> AIM OF THE EXERCISE
Starting with the line that has "You can add" in the records below and stopping after the line that has "These dior homme", output every line exactly and nothing else; skip pictures.

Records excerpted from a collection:
=== Begin Enclosure ===

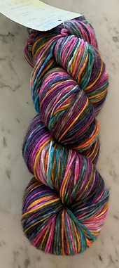 A multicolor self striping yarn perfect for shawls and other accessories with a long color repeat.
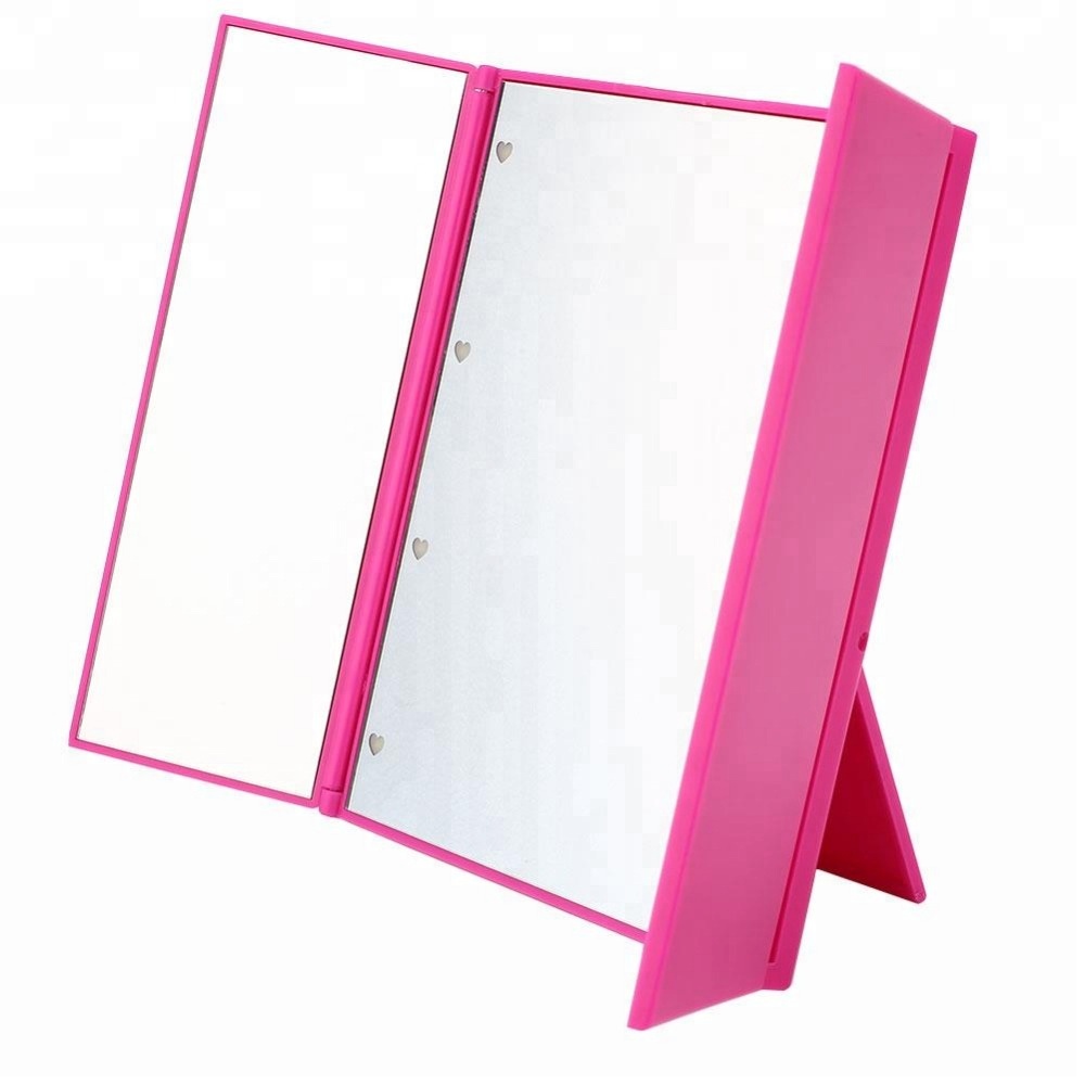 ♕Dimmabled lights: This lighted makeup mirror has 8 lovely heart-shaped LEDs, offering soft and natural light, illuminating your face brightly, eliminating shadows , preventing make-up unevenness. Press the button to adjust the brightness you want for perfect makeup & skincare. It can light up every detail of your face clearly even in dark places.♕Trifold design: Three-sided high definition mirrors enable you to see more angles of your face and profile (NO MAGNIFIER). It’s helpful for checking misaligned eyeliner and skin conditions every day to create a flawless face. When you do not use it, you can keep it folded so as to prevent dust that you care about.
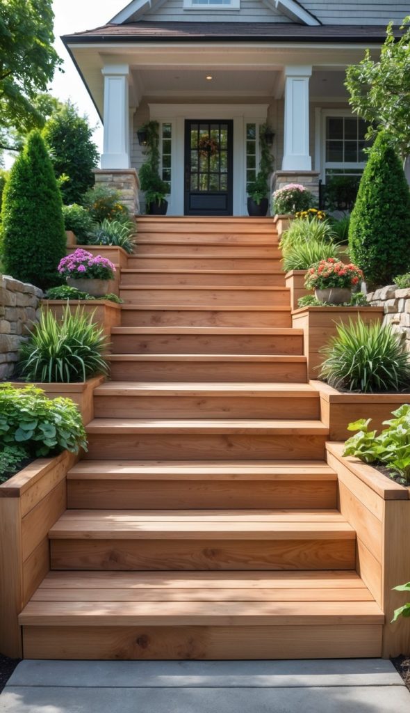 You can add charm to your entrance with broad wooden steps that include built-in planters. These planters let you grow flowers or small shrubs right on your stairs. This design gives your home a warm and natural look while saving space.
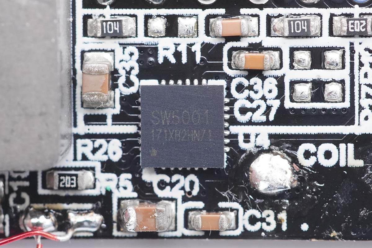 数显屏下有一颗智融SW5001,这是一颗高度集成的无线充发射端集成功率级芯片,内部集成了高效率的全桥变换器和无损电流采样,支持PPS/PD/FCP/SCP/AFC等多种快充协议。集成电压和电流ASK解码电路、Q值检测电路,内部PWM发生器和FSK调制电路,适用于无线充发射端应用,支持最高12V输入,耐压16V,支持15W输出功率。
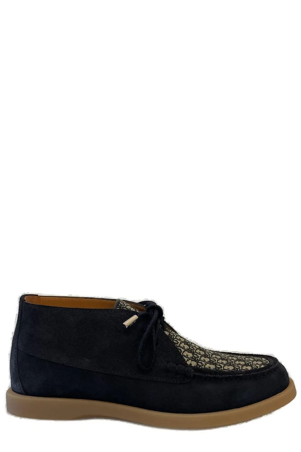 These dior homme chukka boots are crafted from blue suede and feature the dior oblique jacquard canvas. They have a lace-up closure and a rubber sole.
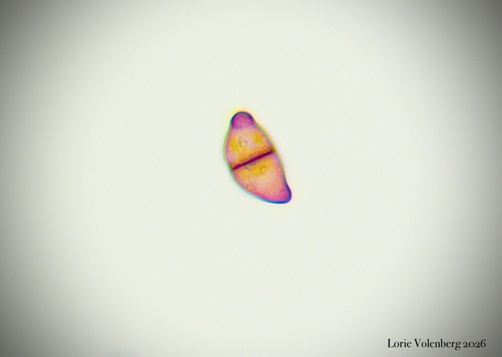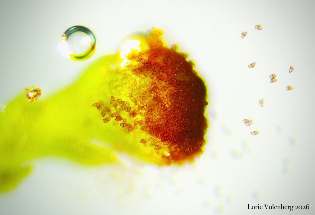 Per usual, we didn’t get very far before we were guided into the old meadow. Ariel and I dropped to our knees immediately and began to push aside the dead thatch, scoping the soil for any signs of little green life. Within 1 minute, Ariel triumphantly yells, “I found it! I found the bottle liverwort!!”. Sure enough, she found the unusual looking Sphaerocarpos texanus. The spores at home confirmed its identity.
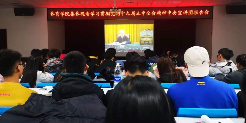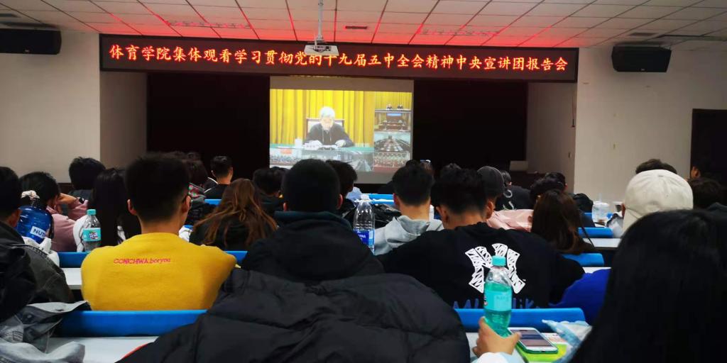 按照《中国共产党章程》和《中国共产党发展党员工作细则》要求,为帮助研究生入党积极分子进一步掌握党的理论知识,保证研究生党员后备队伍质量,于2020年11月12日晚上8点在体育学院五层会议室体育学院全体研究生积极分子观看学习“贯彻党的十九届五中全会精神”中央宣讲团报告会。
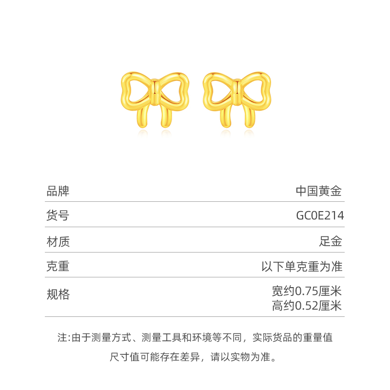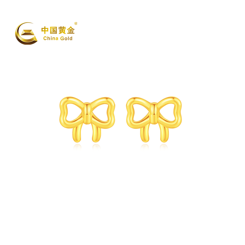 【中国黄金官方店】足金光面简约蝴蝶结直针耳饰时尚简约蛇年新品
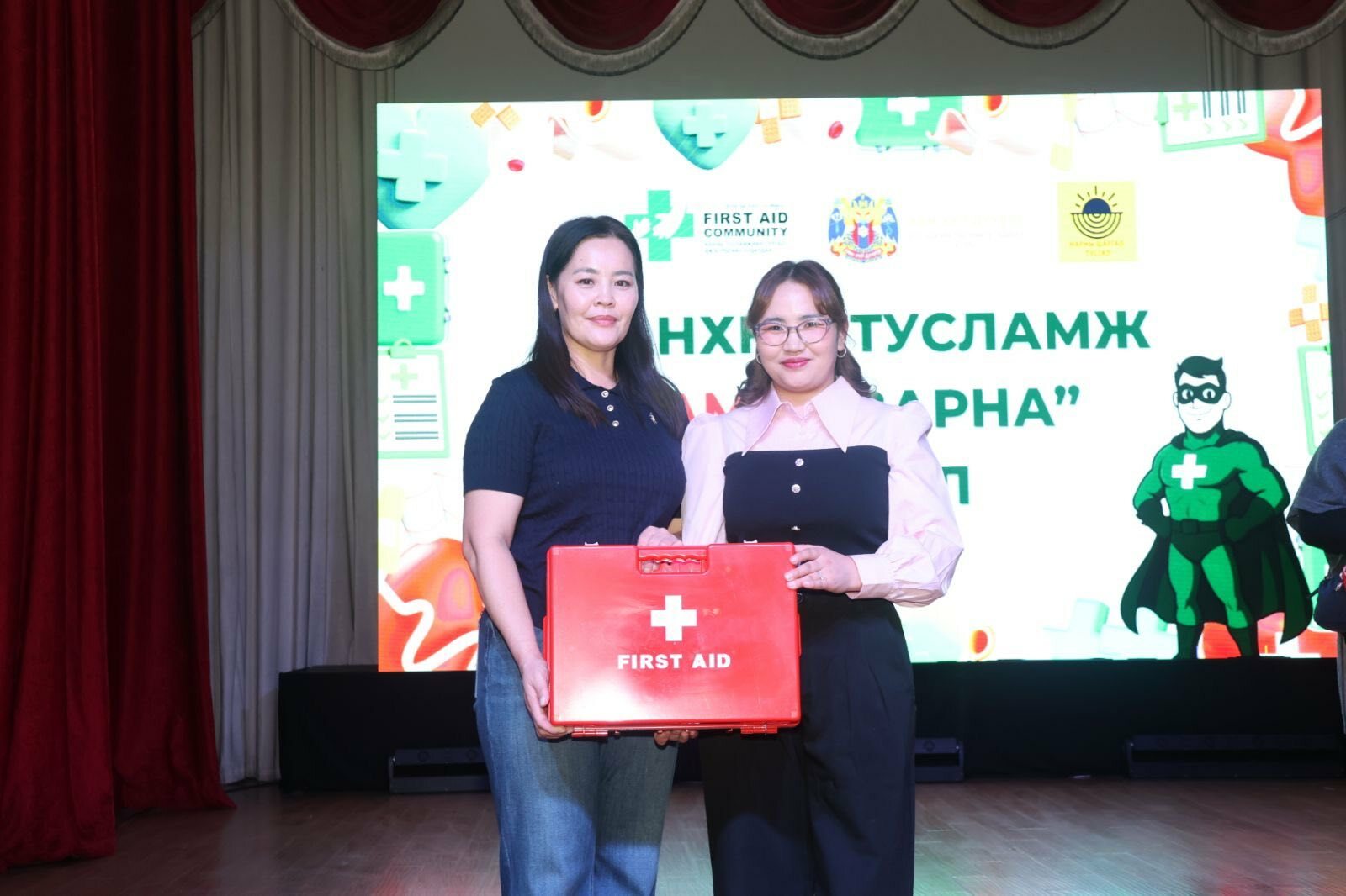 Хүүхэд бүрийг аюул, ослын үед өөртөө болон бусдад тусламж үзүүлэх чадвартай, хариуцлагатай иргэн төлөвшүүлэх зорилготой тус төслийн хүрээнд өнөөдөр 50 сургагч багш сурагчдад гэрчилгээгээ гардуулж, дүүргийн ЕБ-ын 23 сургуульд анхны тусламжийн ханын самбар, иж бүрэн хэрэгсэл хүлээлгэн өглөө.
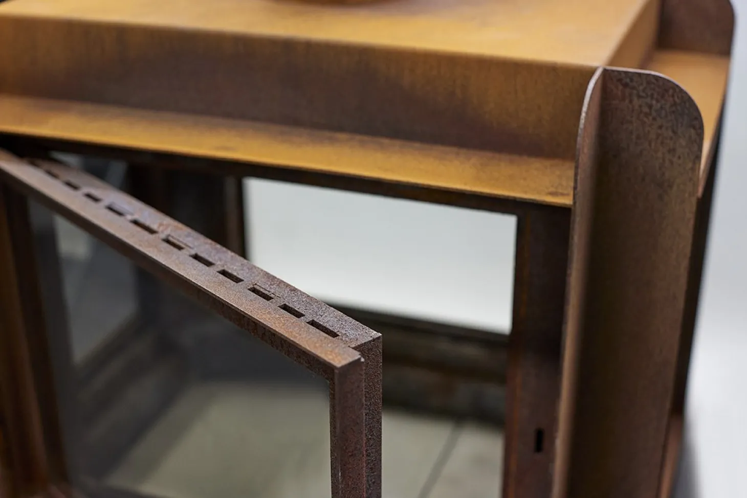 Willkommen in der gemütlichen Welt vom Terrassenkamin Fennek Fuchs 80 von RB73! Dieser erstaunlich hochwertige Terrassenkamin verschönert Ihren Außenbereich mit seinem attraktiven Design und dem natürlichen Rost. Der Kamin wird ungerostet versendet und bekommt seinen charakteristischen Rost erst nach einiger Zeit. Der aus Cortenstahl gefertigte Outdoorkamin verfügt über Streben im Retro-Look, die absichtlich nach außen gedreht sind, was ihm ein besonders rustikales Aussehen verleiht. Die rechte Türleiste verfügt zudem über einen Bügel zum einfachen Öffnen und Schließen der Tür. Der Zusammenbau der Seitenteile könnte nicht einfacher sein. Sie lassen sich leicht montieren und demontieren und sind mit Luftspalten versehen, die ein klares sauberes Glas ermöglichen. Zudem können Sie aus zwei verschiedenen Ausführungen wählen – entweder vier Glastüren oder drei Glastüren und eine Rückwand aus Beton. Erleben Sie ein atemberaubendes Ambiente und Wärme mit dem Fennek 80 Outdoor Kaminofen. Er ist die perfekte Ergänzung, um Ihren Außenbereich in einen stilvollen Treffpunkt zu verwandeln, zu dem Ihre Familie und Freunde gerne kommen werden.
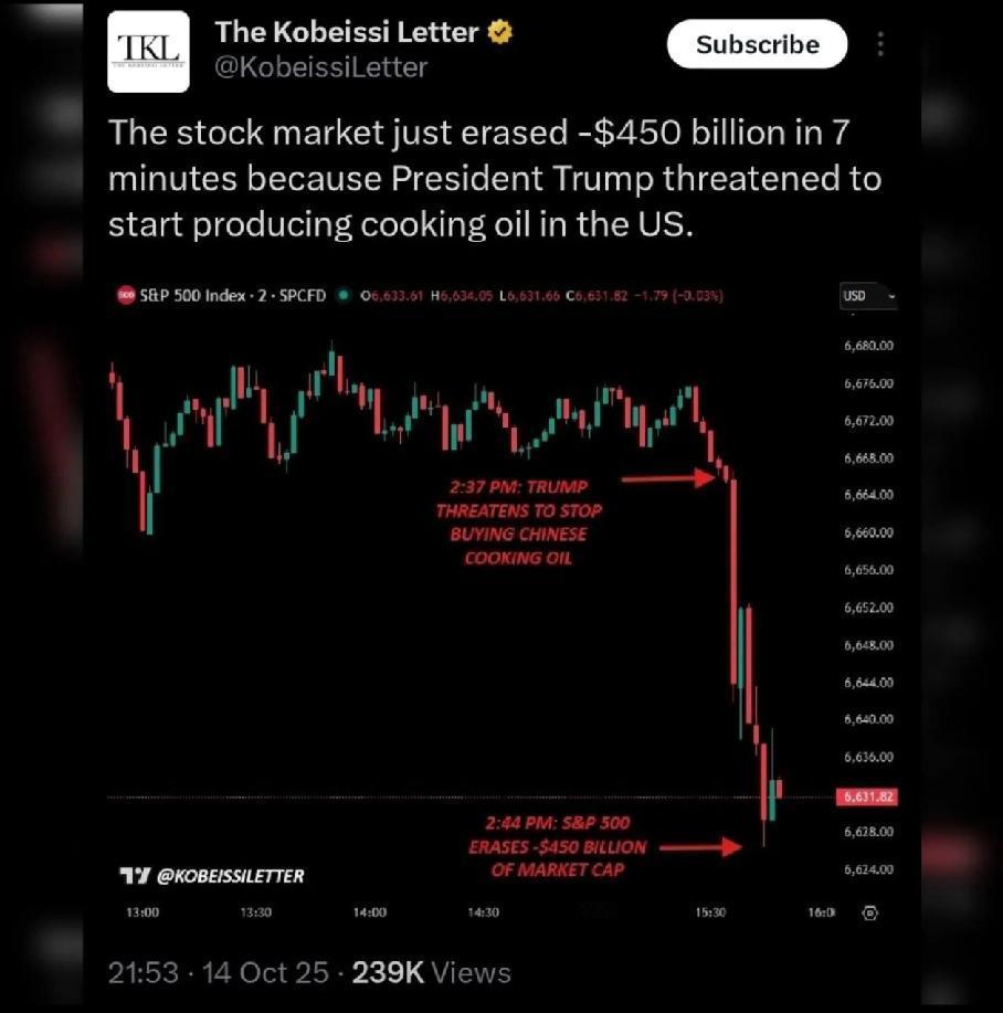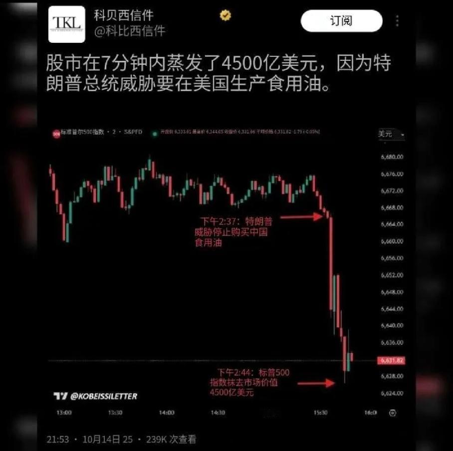 难怪美国股市仅仅7分钟蒸发近5000亿美元,川普社交动态透露真相,他又准备动手了,这次瞄准的是食用油 一觉醒来,美国股市又开始跌跌不休了,哪里出了问题? 就在市场寻求真相时,路透社及川普的最新社交动态都显示了一个消息,川普又要动手了…… 在文中,他将不购买美国大豆,视为经济敌对行为,因此,他要报复,瞄准的目标则是食用油。 食用油? 对,食用油! 但是,不用紧张,这一个回旋镖对美伤害更大。 我综合多方信息看了一下,所谓的食用油,其实不是食用油,而是日常生活中的“地沟油”,这种油是生物燃料的主要来源,去年一年,美国进口这种油约130万吨,占了美需求量的90%。 显然,我们是最大卖家。 如果川普对这种食用油说NO,那就意味着相关产业被迫停业。 为什么呢? 据来自船舶信息网一个数据显示,全美不能提供足够需求,而且这一领域,其它国家难以满足美方需求。 这可能与饮食习惯有关,我们的煎炒烹炸产生的这种油脂丰富。 也就是说,川普这种撒胡椒面的打法,必将再次伤到自己,而其传递出翻脸信号,则是美股跳水的直接诱因。 我严重怀疑,他和他的密友们又布局了股市,股市下跌买进,然后话锋一转,我没想继续“关税战”,让股市快速拉升,得,又一个盆满钵满,又赢麻了…… 国际

=== End Enclosure ===

> YOUR RESPONSE
 You can add charm to your entrance with broad wooden steps that include built-in planters. These planters let you grow flowers or small shrubs right on your stairs. This design gives your home a warm and natural look while saving space.
 数显屏下有一颗智融SW5001,这是一颗高度集成的无线充发射端集成功率级芯片,内部集成了高效率的全桥变换器和无损电流采样,支持PPS/PD/FCP/SCP/AFC等多种快充协议。集成电压和电流ASK解码电路、Q值检测电路,内部PWM发生器和FSK调制电路,适用于无线充发射端应用,支持最高12V输入,耐压16V,支持15W输出功率。
 These dior homme chukka boots are crafted from blue suede and feature the dior oblique jacquard canvas. They have a lace-up closure and a rubber sole.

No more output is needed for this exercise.